Peter
It sounds to me that you should cap the LHC VO jobs to keep back CPU's
for the pheno users. As I understand it Durham only runs production for
ATLAS and LHCb so neither of those VO's is likely to complain much. You
might also like to explain to your users that as a consequence of this
you'll probably earn less money in the accounting period and that
therefore the cluster will probably be smaller than it might have been
in the future.
I don't understand how you currently stop 'the scheduler to let them use
unused CPUs even if their "fairshare" is used up' - I wasn't aware that
it was possible to make the fairshare hard in maui.
cheers
Duncan
On 18/04/2011 17:51, Peter Grandi wrote:
> Another chapter in the eternal discussions about batch scheduling...
>
> Our site runs mostly CPU-intensive LHC VO "production" jobs and
> 'pheno' VO "MC" jobs.
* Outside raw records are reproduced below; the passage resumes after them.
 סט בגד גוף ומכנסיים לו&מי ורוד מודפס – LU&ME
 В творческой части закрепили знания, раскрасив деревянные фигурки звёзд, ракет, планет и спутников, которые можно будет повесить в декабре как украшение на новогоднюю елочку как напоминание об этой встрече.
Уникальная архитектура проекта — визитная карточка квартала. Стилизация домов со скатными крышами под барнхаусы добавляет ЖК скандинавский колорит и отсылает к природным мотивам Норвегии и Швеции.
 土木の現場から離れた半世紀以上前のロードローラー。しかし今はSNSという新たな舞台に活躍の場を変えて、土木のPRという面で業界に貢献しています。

The LHC VO jobs are mostly part of
> automated mass flows, while the 'pheno' VO jobs are mostly from
> individual users (but essentially all 'pheno' work is strongly
> LHC related of course) and have a very bursty pattern
> (occasional runs of something like 2,000-7,000 jobs).
>
> The problem is that users tend to like their jobs to have short
> latency, and they dislike seeing unused CPUs; but if I set the
> scheduler to let them use unused CPUs even if their "fairshare"
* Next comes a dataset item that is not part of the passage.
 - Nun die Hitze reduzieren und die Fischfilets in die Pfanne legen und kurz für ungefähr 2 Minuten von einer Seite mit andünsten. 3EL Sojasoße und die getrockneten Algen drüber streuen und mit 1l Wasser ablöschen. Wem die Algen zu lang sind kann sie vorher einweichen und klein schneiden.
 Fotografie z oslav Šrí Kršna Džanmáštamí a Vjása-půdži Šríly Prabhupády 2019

> is used up, when LHC VO jobs come in they have to wait for the
> user jobs to end. Viceversa if I let the flood of LHC VO jobs
> take over, the latency of user jobs is affected.
>
> Obviously to have really minimal latency for everybody there
> should always be some spare capacity, but that's quite
> expensive, and I dislike that too.
>
> I have been thinking of allowing groups/users to go above their
> fairshare but only for short-duration jobs (but so many pheno'
> jobs are long duration that is may not be worthwhile), to
> minimize the latecy impact of overallocations.
>
> What kind of policy is compatible with LHC/WLCG/GridPP goals?
> Because I suspect that T2 latencies of a few/several days do not
> matter that much.
>
> What kind of fairshares are other sites running?
>
> Any sample MAUI configs to have a look at?
|